To:               Pastors, Archdiocese of Philadelphia
From:         Bill Donohue
Date:           2-22-11
Re:              Philadelphia Inquirer

This article was submitted to the Philadelphia Inquirer as an op-ed piece. Because I have not heard back from them, I am sending it to you. Please feel free to make copies of it if you would like.


Bill Donohue
Catholic League for Religious and Civil Rights
New York, New York

A recent editorial (Feb. 17, “No More Excuses”) called for the Archdiocese of Philadelphia to “make public its files on sexual abuse to better inform parishioners.” It also called for a law that provides “a two- year window for victims to file civil claims,” and to “abolish the statute of limitations for all criminal sexual offenses against minors.”

It is my sincere hope that the archdiocese does absolutely nothing to comply with this request, and that the state legislature similarly does nothing, unless a level playing field is established.

Despite the allegations of the second grand jury report on the archdiocese, the fact remains that the problem of priestly sexual abuse is nowhere less found today than in the Catholic Church. The timeline when most of the abuse occurred was from the mid-1960s to the mid-1980s, at the height of the sexual revolution. In the last five years, the average number of credible accusations made against over 40,000 priests for the sexual abuse of a minor was 8.6; there were six allegations in 2009. Quite frankly, there is no institution, religious or secular, that has a better record today, proportionately speaking, than the Catholic Church.

Charol Shakeshaft, the nation’s leading expert on the sexual abuse of minors in the public schools, estimates that the rate of abuse among public school employees is 100 times greater than found in the Catholic Church. So common is the practice of moving miscreant teachers around that it’s called “passing the trash.” In many cities they have what are called  “rubber rooms,” places where accused child-molesting teachers are allowed to do paperwork, or nothing at all, and draw a full salary. Tenure protections, written into state constitutions, insulate them from being treated with the kind of disciplinary actions that typically await those charged with abuse in private schools.

Moreover, most states insulate public employees from revisions in the statute of limitations unless the proposed amended bill explicitly states otherwise. It all goes back to what is called “crown immunity,” a provision found in English common law, and later adopted by the states, that limits liability of public agencies.

In other words, if Pennsylvania lawmakers were to follow the editorial advice of this newspaper, only private school employees would be effected. To make things fair, the law would have to state that the new bill applies equally to public and private employees.

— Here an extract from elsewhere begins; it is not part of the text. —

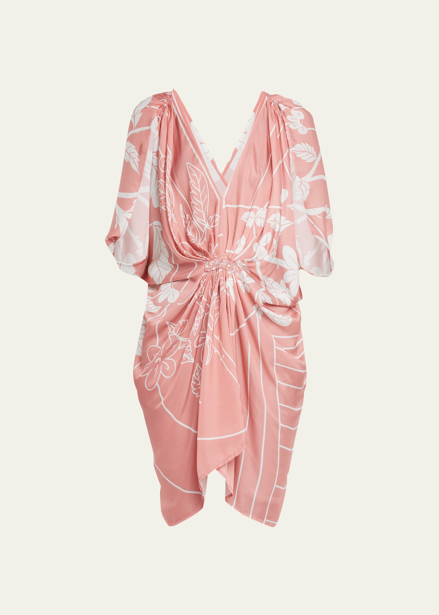 Verandah kaftan dress in Vintage Rose print is hand-draped in sustainable silk Can be worn as a dress or as a tunic with pants V neckline Elbow-length split sleeves Easy fit Hem falls above the knee Slipover style Bemberg® cupro Imported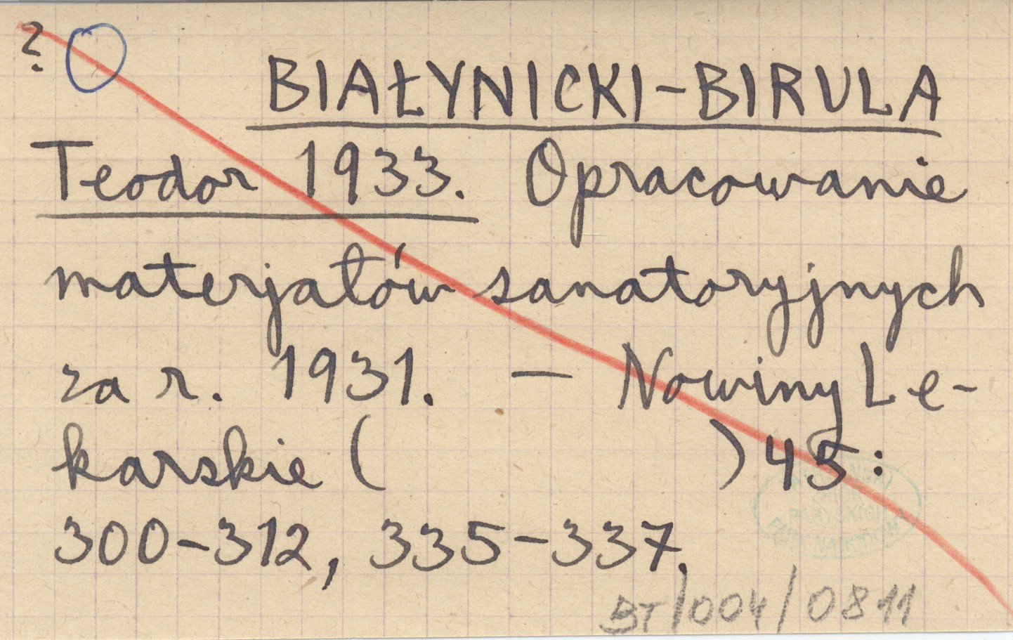 BIAŁYNICKI-BIRULA Teodor 1933 Opracowanie materjałów sanatoryjnych za r. 1931.

Guess what has happened when an equal playing field has been proposed? In Colorado and New York, the public school establishment, which sat comfortably on the sidelines when only private (read: Catholic) schools were targeted, suddenly came thundering down in opposition to any such revisions. Were they wrong? No. Statutes of limitations were written for a very good civil libertarian purpose: witnesses die and memories fade, making it hard to establish due process rights for the accused when old cases are resurrected.

So here’s the deal. The archdiocese should cooperate in publishing the names of accused priests if all other private and public institutions agree to do likewise. If it’s important for the public to know if a priest has been accused of sexual misconduct, then we should know the names of all public school teachers, psychologists, lawyers, reporters, social workers, et al. who have had allegations made against them. Perhaps the Philadelphia Inquirer should lead the way by publishing all such suspected persons in its employ on its website. Wouldn’t that be a tribute to inclusivity?

Additionally, lawmakers should amend the statute of limitations to blanket public employees as well as private ones. Then we can really find out who has a serious problem with the sexual abuse of minors these days.

For the archdiocese to comply absent an equal playing field would only feed the selective interest in justice.